Harris's original definition involved taking the determinant of H(p), subtracting the trace of H(p) (with some weighting coefficient), and then comparing this difference to a predetermined threshold. It was later found by Shi and Tomasi [Shi94] that good corners resulted as long as the smaller of the two eigenvalues was greater than a minimum threshold. Shi and Tomasi's method was not only sufficient but in many cases gave more satisfactory results than Harris's method.

The cvGoodFeaturesToTrack() routine implements the Shi and Tomasi definition. This function conveniently computes the second derivatives (using the Sobel operators) that are needed and from those computes the needed eigenvalues. It then returns a list of the points that meet our definition of being good for tracking.

void cvGoodFeaturesToTrack(
    const CvArr*   image,
    CvArr*         eigImage,
    CvArr*         tempImage,
    CvPoint2D32f*  corners,
    int*           corner_count,
    double         quality_level,
    double         min_distance,
    const CvArr*   mask          = NULL,
    int            block_size    = 3,
    int            use_harris    = 0,
    double         k             = 0.4
);

In this case, the input image should be an 8-bit or 32-bit (i.e., IPL_DEPTH_8U or IPL_DEPTH_32F) single-channel image. The next two arguments are single-channel 32-bit images of the same size. Both tempImage and eigImage are used as scratch by the algorithm, but the resulting contents of eigImage are meaningful. In particular, each entry there contains the minimal eigenvalue for the corresponding point in the input image. Here corners is an array of 32-bit points (CvPoint2D32f) that contain the result points after the algorithm has run; you must allocate this array before calling cvGoodFeatures ToTrack(). Naturally, since you allocated that array, you only allocated a finite amount of memory. The corner_count indicates the maximum number of points for which there is space to return. After the routine exits, corner_count is overwritten by the number of points that were actually found. The parameter quality_level indicates the minimal acceptable lower eigenvalue for a point to be included as a corner. The actual minimal eigenvalue used for the cutoff is the product of the quality_level and the largest lower eigenvalue observed in the image. Hence, the quality_level should not exceed 1 (a typical value might be 0.10 or 0.01). Once these candidates are selected, a further culling is applied so that multiple points within a small region need not be included in the response. In particular, the min_distance guarantees that no two returned points are within the indicated number of pixels.

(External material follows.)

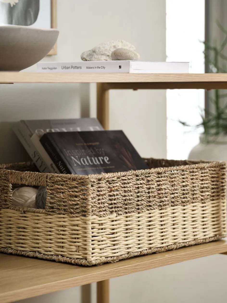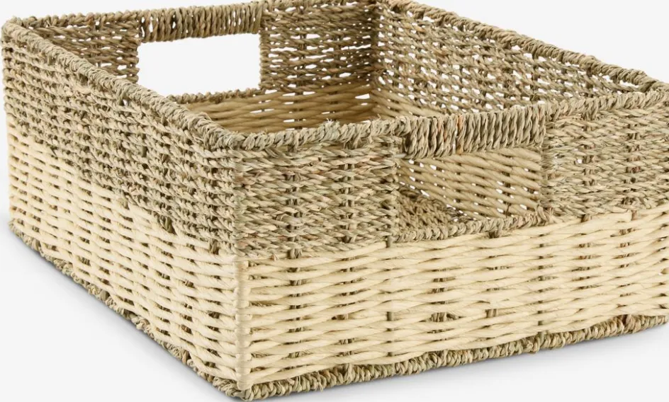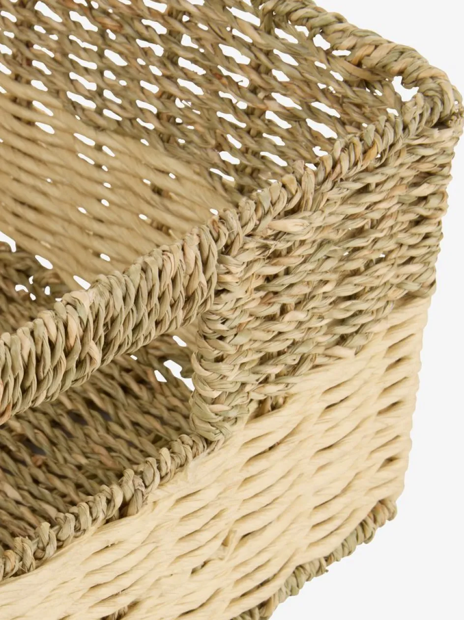 Panier en papier, herbier marin et acier inoxydable. Avec des poignées qui facilitent le déplacement. Une solution de rangement pratique et élégante pour les articles ménagers. l29 x L39 x H15 cm
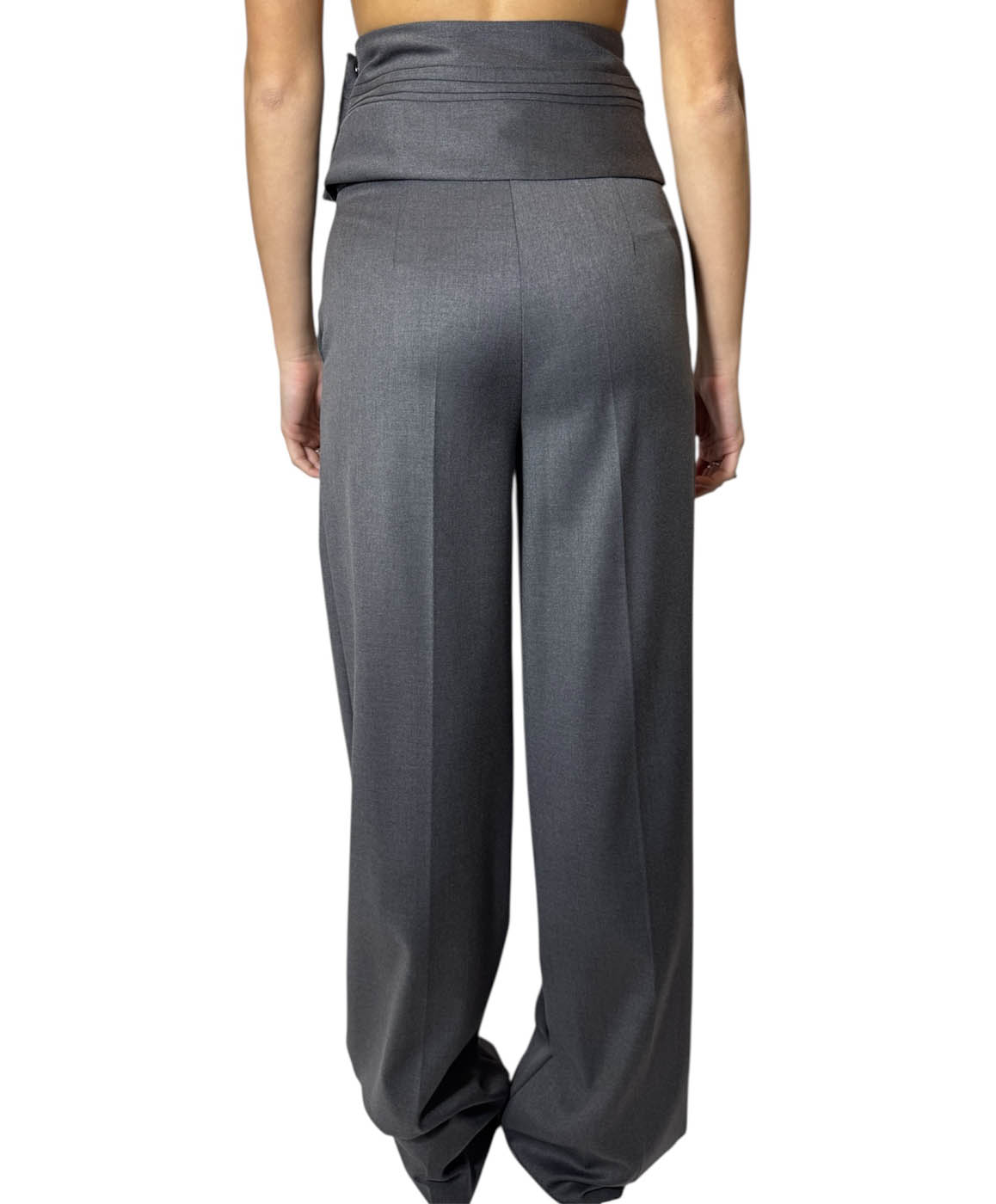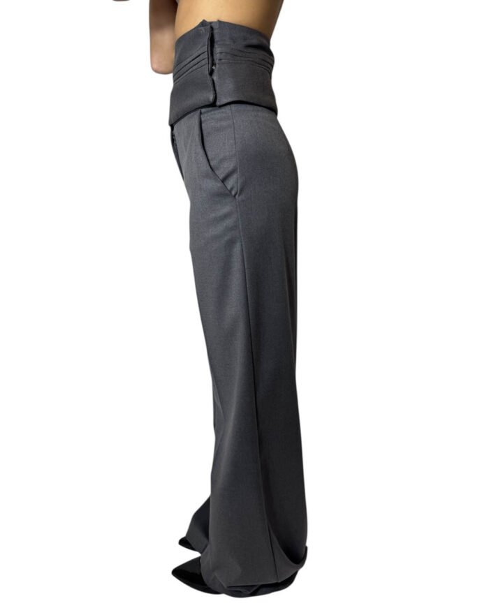 Pantalone ampio un bottone, con fusciacca staccabile.

The optional mask is the usual image, interpreted as Boolean values, indicating which points should and which points should not be considered as possible corners. If set to NULL, no mask is used. The block_size is the region around a given pixel that is considered when computing the autocorrelation matrix of derivatives. It turns out that it is better to sum these derivatives over a small window than to compute their value at only a single point (i.e., at a block_size of 1). If use_harris is nonzero, then the Harris corner definition is used rather than the Shi-Tomasi definition. If you set use_harris to a nonzero value, then the value k is the weighting coefficient used to set the relative weight given to the trace of the autocorrelation matrix Hessian compared to the determinant of the same matrix.

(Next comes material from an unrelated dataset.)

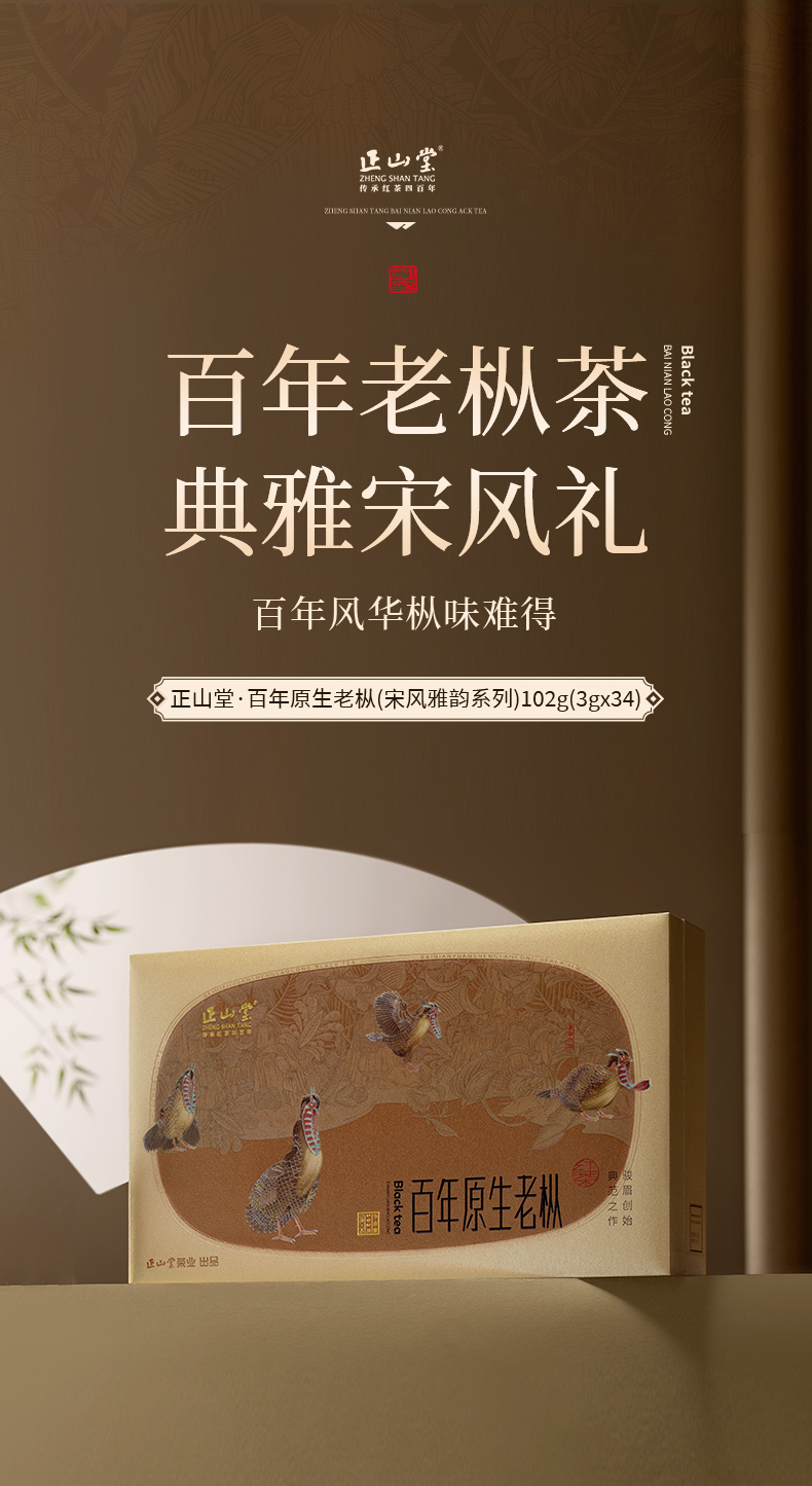 正山堂 宋风雅韵百年老枞礼盒装 正山小种红茶特级茶叶年货送礼102g

Once you have called cvGoodFeaturesToTrack(), the result is an array of pixel locations that you hope to find in another similar image. For our current context, we are interested in looking for these features in subsequent frames of video, but there are many other applications as well. A similar technique can be used when attempting to relate multiple images taken from slightly different viewpoints. We will re-encounter this issue when we discuss stereo vision in later chapters.

^[143] A gradient is derived from first derivatives. If first derivatives are uniform (constant), then second derivatives are 0.